The grease collected by the filters is a potential valuable GLF system by-product. In the next months, extraction tests will determine the value compared with the effort required to remove grease from filters as a usable commodity.
With a scenario where all parties benefit - foodservice operator, facility owners, communities and the environment - Ei is developing a strategic plan for a metro-wide GLF installation. Atlanta is the template pilot city.
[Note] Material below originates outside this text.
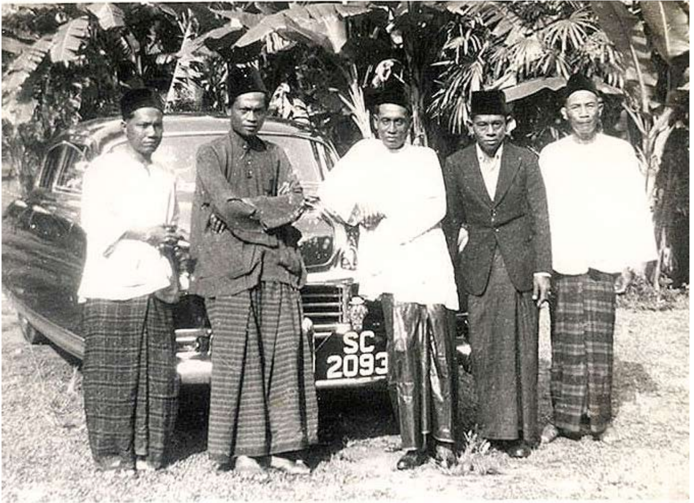
Gambar kaum lelaki Bawean di tahun 1950-an.

bersama penghuni lain. Terdapat antara 10–30 buah keluarga hidup di bawah satu bumbung pondok. Nama setiap pondok di Singapura biasanya diberikan sempena desa asal di Bawean kerana kaum ini didapati amat tebal jati diri serta nilai etnosentrisme mereka. Mereka mahu dikenali sebagai orang dari desa asal mereka misalnya orang-orang Tambak, Gelam, Pakherbung dan lain-lain.

Airborne Kitchen Grease is a new frontier in sustainability. Water usage reduction is the first quantifiable step followed by eliminating significant amounts of toxic cleaning agents from entering the sewer system. Final steps address the airborne grease particulates not dispersed into the atmosphere, impacting air quality.
ZWA Blog articles will chronicle action taken, success achieved and how challenges evolve into lessons learned. Within frontiers, pioneers develop the most effective paths and create new standard practices. Kudos to the Atlanta Airport and HMSHost for taking the leadership role as Airborne Kitchen Grease pioneers!